- _WHAT IS NEEDED_
Quote each line of the material verbatim, without the pictures.

- _GIVEN INFORMATION_
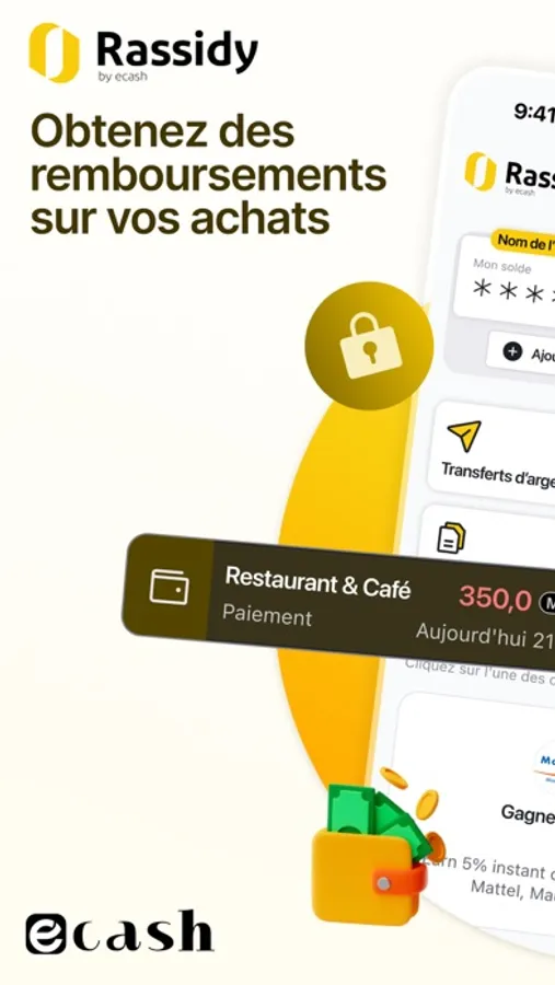 Avec RASSIDY, portefeuille mobile de paiement électronique, pratique et sécurisé ; nos utilisateurs peuvent, en toute simplicité, payer des biens et services, transférer ou recevoir des fonds et profiter d’autres fonctionnalités innovantes comme CASHBACK.
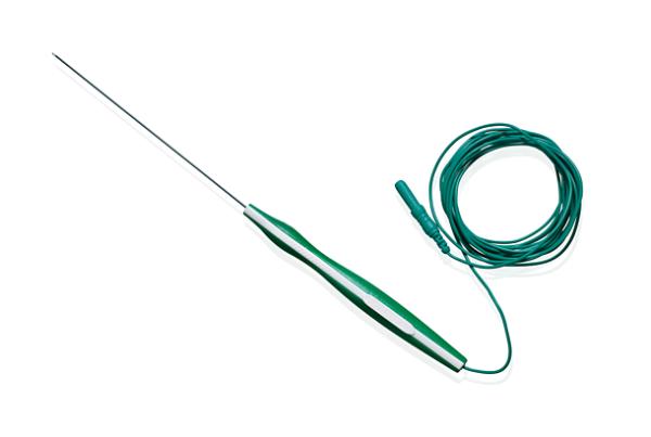 The standard monopolar probe has a single stimulating electrode and needs a separate needle to act as a return. Used for coarse stimulating of a tumour mass.
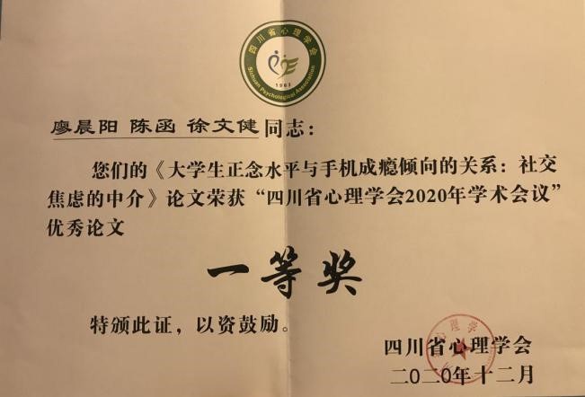 本次学术年会评选出了四川省心理学会2020学术年会优秀论文,亚博官网师生斩获多项奖励。徐文健特聘副研究员、2020级应用心理专业硕士研究生廖晨阳提交的研究论文双双荣获一等奖,2019级硕士生夏宇荣获三等奖,2020级硕士生敬凡珂和李柳欣获优秀奖。
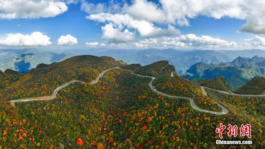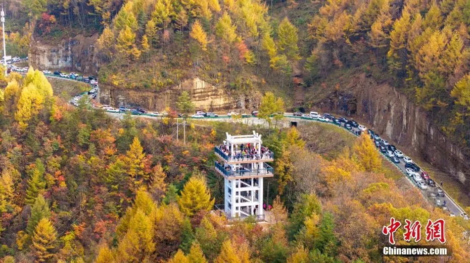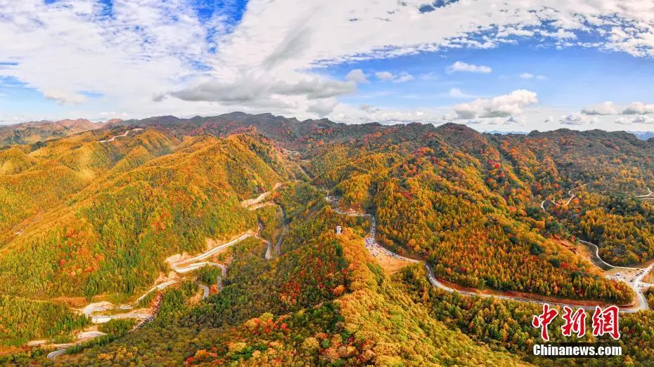 深秋时节,四川省广元市旺苍县米仓山大峡谷盐井河森林公园万山红遍,层林尽染。沿着山势放眼望去,一幅大自然织就的壮美画卷徐徐展开。红叶最佳观赏季这里成了摄影天堂,每天数以万计的游客纷至沓来,大家流连忘返,陶醉于金色的世界里,将最美的风景收入镜头。地处川陕交界的米仓山为中国南北自然分界线——秦岭至大巴山的重要组成部分,多种生物区系在这里交汇重叠,是我国生物多样性最为丰富的地区之一。旺苍县境内红叶景观由水青岗、银杏、枫树等数百种树种组成,主要分布于县城北部山区,以鼓城山——七里峡国家4A级旅游景区、盐井河大峡谷、檬子峡等地最为富集。(无人机图片)苗志勇 摄
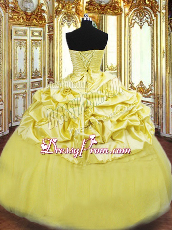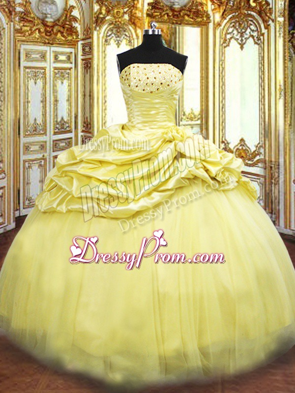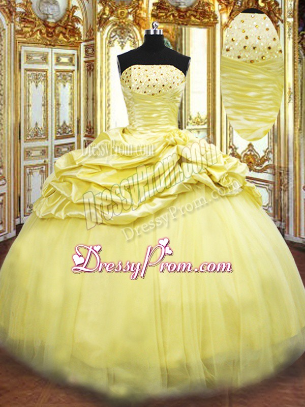 Colorful Floor Length Lace Up Sweet 16 Dress Gold for Military Ball and Sweet 16 and Quinceanera with Beading and Pick Ups
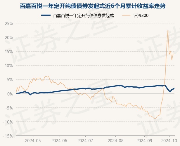 证券之星消息,10月14日,百嘉百悦一年定开纯债债券发起式最新单位净值为1.0199元,累计净值为1.0505元,较前一交易日上涨0.27%。历史数据显示该基金近1个月下跌0.84%,近3个月上涨0.16%,近6个月上涨1.83%,近1年上涨4.75%。该基金近6个月的累计收益率走势如下图:
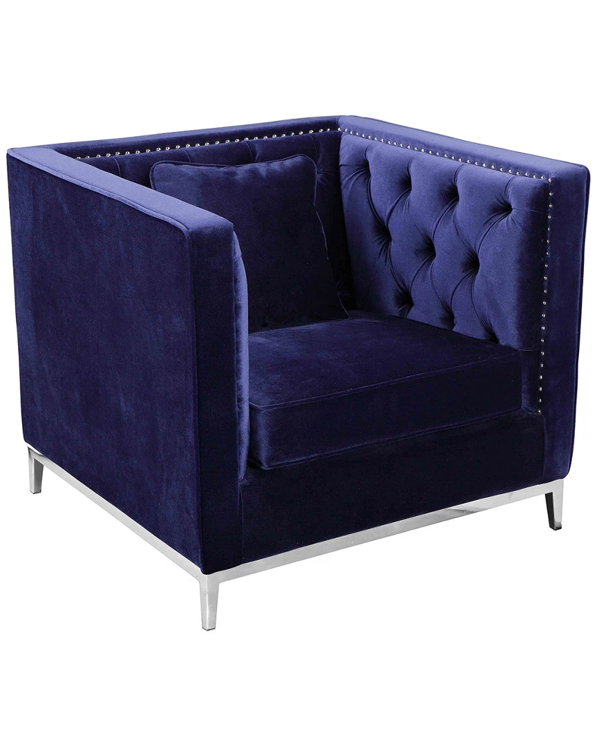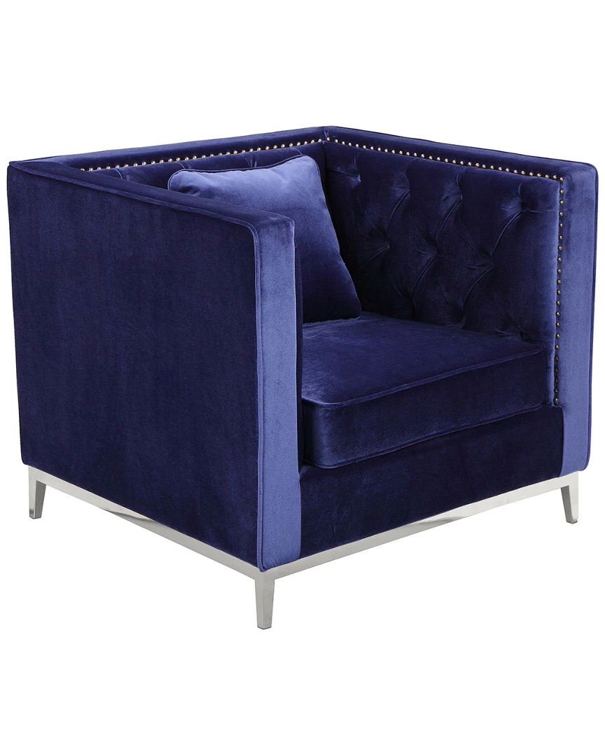 - Design details: Velvet tufted sofa chair with nail heads; modern meets glam; seat height is 18″; velvet with polished steel

- _ANSWER BELOW_
 Avec RASSIDY, portefeuille mobile de paiement électronique, pratique et sécurisé ; nos utilisateurs peuvent, en toute simplicité, payer des biens et services, transférer ou recevoir des fonds et profiter d’autres fonctionnalités innovantes comme CASHBACK.
 The standard monopolar probe has a single stimulating electrode and needs a separate needle to act as a return. Used for coarse stimulating of a tumour mass.
 本次学术年会评选出了四川省心理学会2020学术年会优秀论文,亚博官网师生斩获多项奖励。徐文健特聘副研究员、2020级应用心理专业硕士研究生廖晨阳提交的研究论文双双荣获一等奖,2019级硕士生夏宇荣获三等奖,2020级硕士生敬凡珂和李柳欣获优秀奖。
 深秋时节,四川省广元市旺苍县米仓山大峡谷盐井河森林公园万山红遍,层林尽染。沿着山势放眼望去,一幅大自然织就的壮美画卷徐徐展开。红叶最佳观赏季这里成了摄影天堂,每天数以万计的游客纷至沓来,大家流连忘返,陶醉于金色的世界里,将最美的风景收入镜头。地处川陕交界的米仓山为中国南北自然分界线——秦岭至大巴山的重要组成部分,多种生物区系在这里交汇重叠,是我国生物多样性最为丰富的地区之一。旺苍县境内红叶景观由水青岗、银杏、枫树等数百种树种组成,主要分布于县城北部山区,以鼓城山——七里峡国家4A级旅游景区、盐井河大峡谷、檬子峡等地最为富集。(无人机图片)苗志勇 摄
 Colorful Floor Length Lace Up Sweet 16 Dress Gold for Military Ball and Sweet 16 and Quinceanera with Beading and Pick Ups
 证券之星消息,10月14日,百嘉百悦一年定开纯债债券发起式最新单位净值为1.0199元,累计净值为1.0505元,较前一交易日上涨0.27%。历史数据显示该基金近1个月下跌0.84%,近3个月上涨0.16%,近6个月上涨1.83%,近1年上涨4.75%。该基金近6个月的累计收益率走势如下图:
 - Design details: Velvet tufted sofa chair with nail heads; modern meets glam; seat height is 18″; velvet with polished steel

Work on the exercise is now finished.